Based upon published guidelines,35 an a priori decision was made to consider 70% agreement between voters to be evidence of consensus, and 80% participation in voting on each particular question evidence of a robust vote. To reduce the risk of agreement bias, some statements were worded favorably and others unfavorably toward fluorescence imaging and/or ICG.

RESULTS

Ultimately, 20 of the 27 Advisory Board members of ISFGS attended the consensus meeting in Frankfurt. Since one of these 20 members was a nonsurgeon (K.W.), the final expert panel of voters consisted of 19 individuals, including 7 from Europe, 6 from North America, 4 from Asia-Pacific, and 2 from South America. Countries represented included 6 from the United States of America (USA), 3 from Japan, 2 each from Germany and France, 2 from Argentina, and 1 each from the Netherlands, Italy, and Australia. Further characteristics of the sample are summarized in Table 1. Note that 17 of 19 had academic appointments, and that, although 1 expert reported having not used ICG in the past year, he/she had extensively employed fluorescence imaging for guidance during surgery. Among the 19 respondents, only 2 reported having ever observed an adverse reaction to ICG, both of which were mild systemic allergic reactions.

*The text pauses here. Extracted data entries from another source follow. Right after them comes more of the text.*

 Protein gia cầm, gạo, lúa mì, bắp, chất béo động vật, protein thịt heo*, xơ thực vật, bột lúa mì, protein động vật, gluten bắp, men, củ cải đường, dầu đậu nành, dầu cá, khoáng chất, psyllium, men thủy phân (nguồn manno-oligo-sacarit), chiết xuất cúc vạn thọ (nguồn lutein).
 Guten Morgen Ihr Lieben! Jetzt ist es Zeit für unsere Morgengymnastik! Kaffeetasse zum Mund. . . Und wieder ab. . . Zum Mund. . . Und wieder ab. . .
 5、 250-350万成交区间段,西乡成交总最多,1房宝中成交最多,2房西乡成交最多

TABLE 1 - Demographics and Practice Characteristics of the Expert Panel
Characteristic n %
Total sample 19 100.0
Location of practice
 Europe 7 36.8
 North America 6 26.3
 Asia-Pacific 4 21.1
 South America 2 10.5
Type of practice
 Academic 17 89.5
 Nonacademic 2 10.5
Years in practice
 <10 2 10.5
 10–20 6 31.6
 >20 11 57.9
Years performing FGS
 <5 3 15.8
 5–10 7 36.8
 >10 9 47.4
No. of FGS procedures per month
 <5 3 15.8
 5–10 7 36.8
 >10 9 47.4
% Of surgeries fluorescence-guided
 <10% 5 26.3
 10%–29% 3 15.8
 30%–49% 6 31.6
 ≥50% 5 26.3
% Of surgeries fluorescence-guided using ICG
 <10% 0 0.0
 10%–50% 2 10.5
 51%–99% 4 21.1
 100% 12 63.2
Surgical area of expertise
 Cancer 6 31.6
 Colorectal 4 21.1
 Endocrine 1 5.3
 Hepatobiliary 4 21.1
 Plastics 2 10.5
 Other 2 10.5
FGS indicates fluorescence-guided surgery.

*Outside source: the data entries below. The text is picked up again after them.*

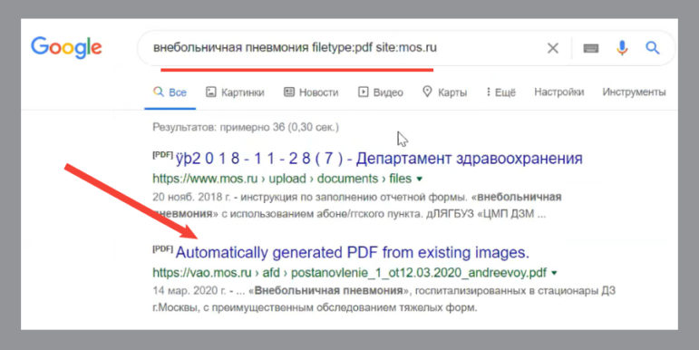 - Сочетайте разные операторы поиска. Например, чтобы найти словосочетание в PDF-файлах на сайте мэрии Москвы, задаем в строке поиска запрос: внебольничная пневмония filetype:pdf site:mos.ru
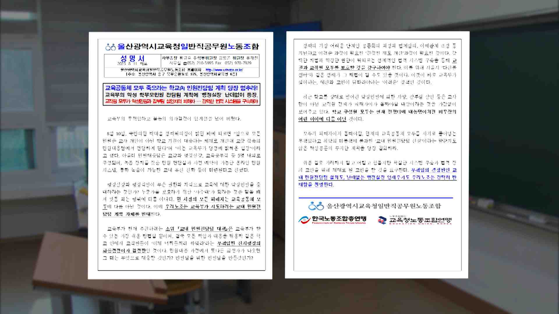 울산시교육청일반직공무원노동조합은 성명서를 내고 교육부가 교권침해에 대한 대책으로 내놓은 '학교 내 민원대응팀' 설치를 반대한다며 계획을 철회하라고 주장했습니다. 이들은 행정실장과 행정 직원이 무슨 권한과 지식으로 교육에 대한 악성 민원을 응대할 수 있냐며 누군가를 지키기 위해 또 다른 희생자를 만드는 무...
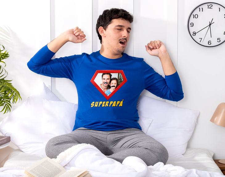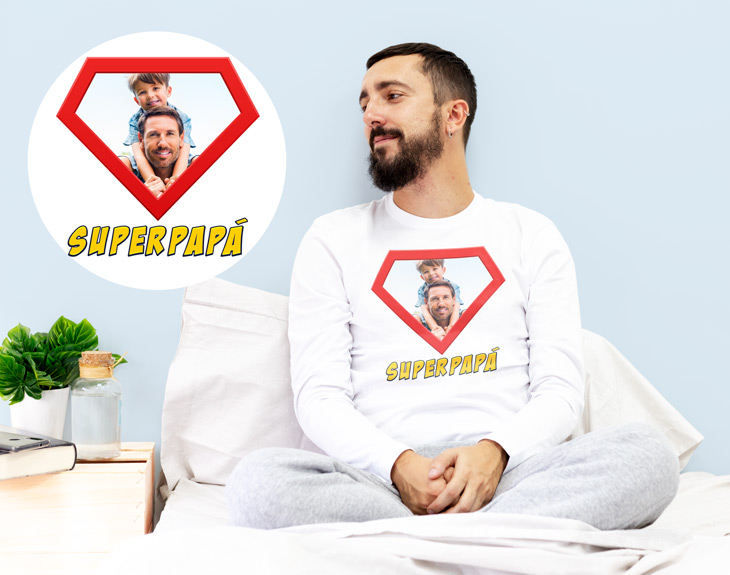 Si tu padre se parece más a un superhéroe que a un papá normal, este pijama personalizado está hecho para él. Y es que, esa paciencia, esas dosis interminables de amor y esa facilidad para resolver cualquier problema es algo de otro mundo. Por eso, sorprende al hombre de tu vida con un detalle así de increíble y harás que se vaya cada día a dormir con la sonrisa puesta. Solo tienes que escoger una fotografía que le guste para insertarla en este diseño tan especial...¡Se quedará sin palabras! Material: - Camiseta invierno: 100% algodón (excepto color gris: 85% algodón / 15% viscosa). - Camiseta verano: 100% algodón (excepto color gris: 85% algodón / 15% viscosa). - Pantalón invierno: 100% algodón. - Pantalón verano: 100% algodón. Importante: Las medidas son aproximadas, pueden variar 5cm por encima o por debajo. Importante: el tono de los colores puede variar en intensidad según stock

All 19 eligible voters voted on every single item but 3 (Tables 2–5), 1 on which 18 (94.7%) voted, and 2 on which 17 (89.5%) voted, meaning that the results for all 44 items were considered robust [≥80% (n ≥ 16) of eligible voters voting]. Consensus of at least 70% was reached for 41 (93.2%) of the 44 items, 39 in Round 1 and 2 in Round 2. The 2 items for which consensus was reached in Round 2, after open discussion, were: “Using fluorescence technology, with or without ICG, increases, decreases or has no effect on the overall cost of a patient's peri- and postoperative care” with which the percentage who agreed rose from 63% to 100%; and “What is the maximum safe dose of ICG: < 5 mg, 5 mg, 10 mg, > 10 mg, or other?,” for which the percentage selecting “>10mg” increased from 56.3% to 88.2%.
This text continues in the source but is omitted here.